In a function call, there's a function name immediately[*] followed by parentheses around the function's arguments, like this:

[*] We say "immediately" here because Perl won't permit a newline character between the function name and the open parenthesis in this kind of function call. If there is a newline there, Perl will see your code as making a list operator, rather than a function call. This is the kind of technical detail that we mention for completeness. If you're terminally curious, see the full story in the manpages.

    print (2+3);

That looks like a function call, so it is a function call. It prints 5, but then it returns a value like any other function. The return value of print is a true or false value, indicating the success of the print. It nearly always succeeds unless you get some I/O error, so the $result in the following statement will normally be 1:

    $result = print("hello world!\n");

But what if you used the result in some other way? Suppose you decide to multiply the return value times four:

    print (2+3)*4;  # Oops!

When Perl sees this line of code, it prints 5 as you asked. Then it takes the return value from print, which is 1, and multiplies that times 4. Then, it throws away the product, wondering why you didn't tell it to do something else with it. At this point, someone looking over your shoulder says, "Hey, Perl can't do math! That should have printed 20, rather than 5!"

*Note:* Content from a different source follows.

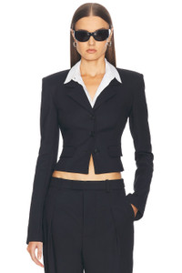 Details - 58% nylon, 39% cotton, 3% elastane - Made in China - Dry clean only - Front button closure - Padding at shoulders and buttoned cuffs - Side flap pockets - Crepe fabric - Our Style No. HLSA-WO30 - Manufacturer Style No. HEOW45 F24
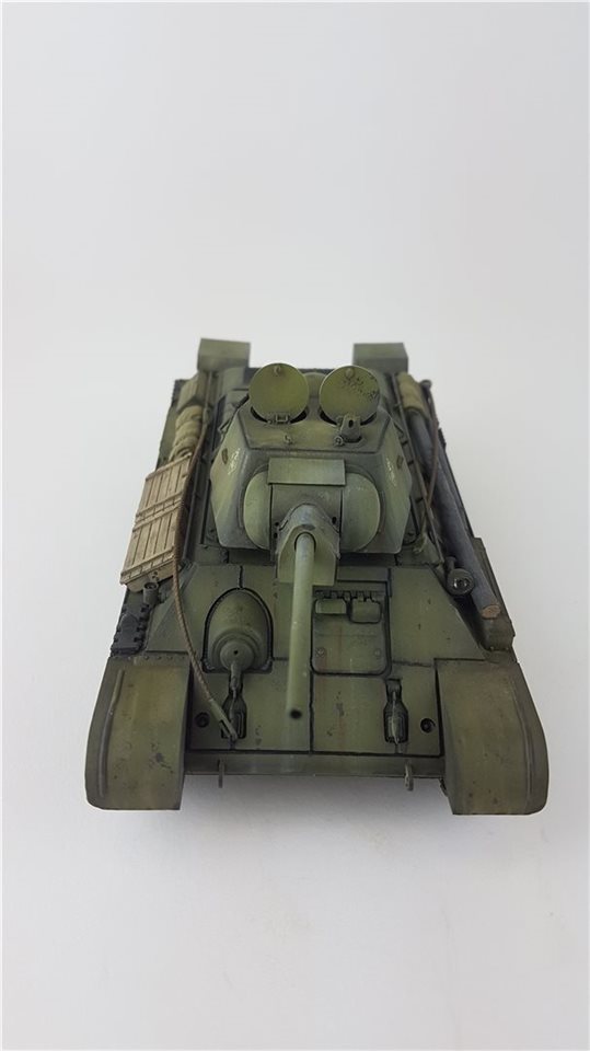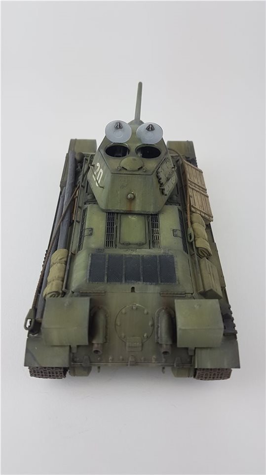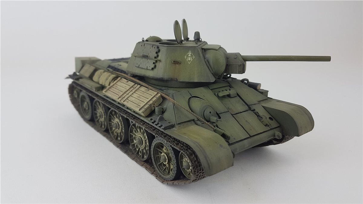 Т-34/76, 1943 года, Тамия. Использован лист доп. брони корпуса, входящий в комлект, но не использующийся при постройке по инструкции. Однако, Т-34/76 гайки с доп. броней были. Фото условного прототипа в галерее.

This is the problem with the optional parentheses; sometimes, we humans forget where the parentheses belong. When there are no parentheses, print is a list operator, printing all of the items in the following list, which is what you'd expect. But when the first thing after print is a open parenthesis, print is a function call, and it will print only what's found inside the parentheses. Since that line had parentheses, it's the same to Perl as if you'd said this:

    ( print(2+3) ) * 4;  # Oops!

Fortunately, Perl can almost always help you with this if you ask for warnings. So use -w, or use warnings, at least during program development and debugging.

This ruleIf it looks like a function call, it is a function callapplies to all list functions[Section 5.4.  Output to Standard Output] in Perl, not just to print, but you're most likely to notice it with print. If print (or another function name) is followed by an open parenthesis, ensure the corresponding closed parenthesis comes after all of the arguments to that function.

[Section 5.4.  Output to Standard Output] Functions that take zero or one arguments don't suffer from this problem.